I think of my life as a creative journey and I recently came upon an intersection that I had not foreseen. October was breast cancer awareness month. I’m keenly aware of this because it’s my job to help promote it. I work for a woman’s specialty hospital in marketing.

While working on an ad campaign for mammography, a lump was found during my annual mammogram. I’m also working on the Cancer Annual Report and this year’s focus is breast cancer. I became the patient I was creating ads for and a possible statistic in the technical report that I help to design. When I got a call after my mammogram from the head of Imaging, I knew that she wasn’t calling me about advertising.

This year’s Thanksgiving card. Woman’s is one of the largest OB hospitals in the country and is known locally as the Birthplace of Baton Rouge.

This year’s Thanksgiving card. Woman’s is one of the largest OB hospitals in the country and is known locally as the Birthplace of Baton Rouge.

November is a month when we give thanks. While designing Woman’s Thanksgiving card, I didn’t yet know that I would be so personally thankful for the organization I work for. From the beginning, I was told that there was a 90% chance the lump was benign. I listened to the experts and had the biopsy to prove that I wasn’t in the 10% category. Because of their kind and professional assurances, I knew that I was going to be OK. This is why you get those yearly mammograms, to stop cancer early.

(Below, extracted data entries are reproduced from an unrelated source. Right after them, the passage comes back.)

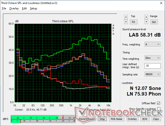 (+) | het totale geluid is lineair (14.8% verschil met de mediaan)
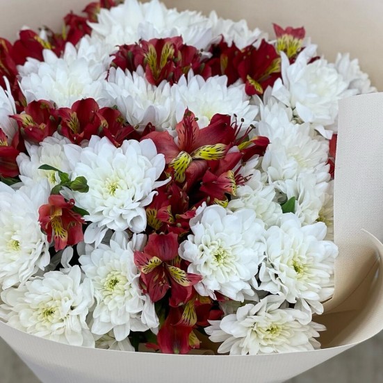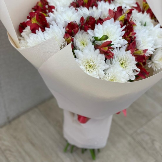 Решил сделать подарок подруге и выбрал этот букет. Прекрасное сочетание розовых гербер и белых роз. Смотрится изумительно. Доставка сработала на пять. Подруга была очень рада
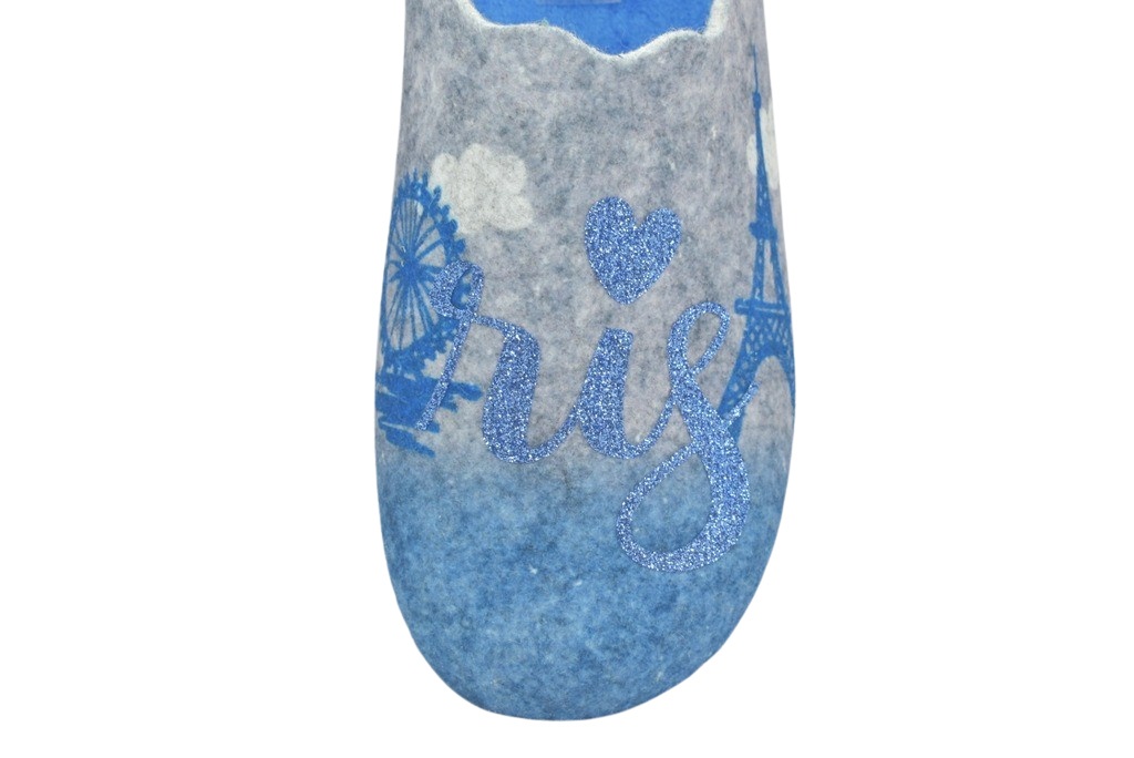 Kapcie wsuwane hiszpańskiej marki Sanita Flexx. Z zewnątrz i wewnątrz wykonane z ciepłego materiału. Podeszwa składa się z wysokogatunkowego tworzywa, jest antypoślizgowa.
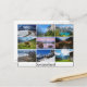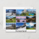 Postcard with a collage of nine photos from landscapes of the alpine country Switzerland, like Matterhorn mountain, Bernese Oberland, Wengen, Lauterbrunnen, Lavertezzo, Ticino, Oeschinensee Lake and Grimentz with a white border and the text: 'Switzerland'.
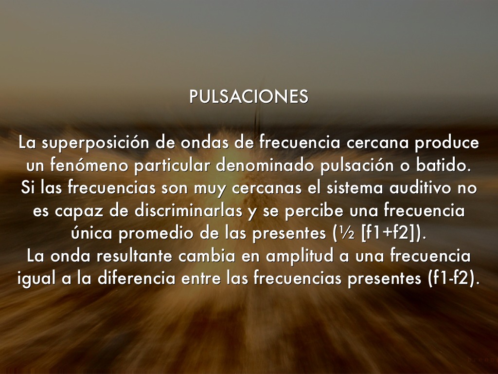 La superposición de ondas de frecuencia cercana produce un fenómeno particular denominado pulsación o batido. Si las frecuencias son muy cercanas el sistema auditivo no es capaz de discriminarlas y se percibe una frecuencia única promedio de las presentes (½ [f1+f2]). La onda resultante cambia en amplitud a una frecuencia igual a la diferencia entre las frecuencias presentes (f1-f2).
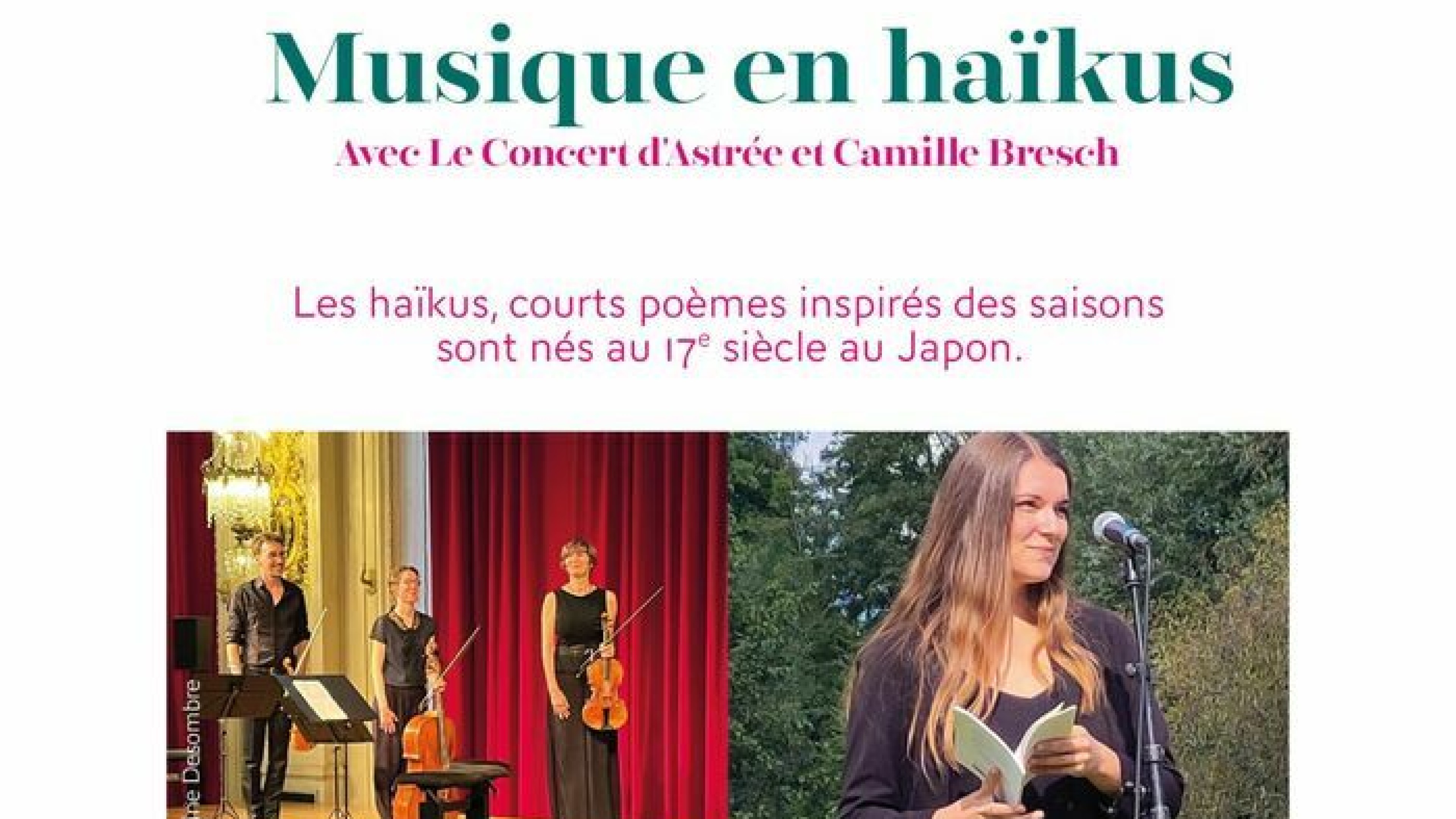 Pour le Printemps des Poètes, assistez à un concert-lecture où musique et poésie se mêlent, avec Le Concert d'Astrée et Camille Bresch.

The only thing I remember coming out of the fog of anesthesia was the direction to not do any housework and no heavy lifting. I also remember telling my nurse/friend that we needed to go out for bloody marys. I’m sticking with the no housework rule and still need to get that drink with my friend.

I’m fine, no cancer.

During this time, I worked on the ad campaign to tell the public about the new 3D mammography technology that Woman’s now has. Just as I was told to do no heavy lifting, the marketing team worked together and the creative effort was shared. No one had to do the heavy lifting alone. This campaign actually launched an explosion of creative energy within the team. This team has all been touched in some way by breast cancer and I’m not the only one in the group who has had a biopsy. There was a sincere enthusiasm on how best to tell the public about the new technology.

The creative approach we chose to use to explain 3D mammography is origami. Traditional mammograms give a 2D image, like a flat piece of paper. The 3D technology is dimensional. It is like the folded origami. We chose to use the crane as our model, this origami bird is also the symbol of good luck. The campaign launches during this month of Thanksgiving.

Below is the campaign the Marketing team created. If you want to learn about the new 3D technology, just click. 

Campaign billboard

outdoor blog

Campaign print ad

3Dad blog

Campaign web banner

3D_728x90

I say a daily prayer to be given the wisdom to see the gifts the universe sends me. I was given the gift of living Woman’s mission: to improve the health of women and infants. That mission includes my own health.

To all the women and men I work with day after day and to the community we serve, I am thankful.

Shout out to the marketing team: Lynne, Bridget, Margaret, Rachel, Laurel, Tracie, Brian, Amiee and Dana. And to my sweetie, Steve, who held my hand and took care of me during it all.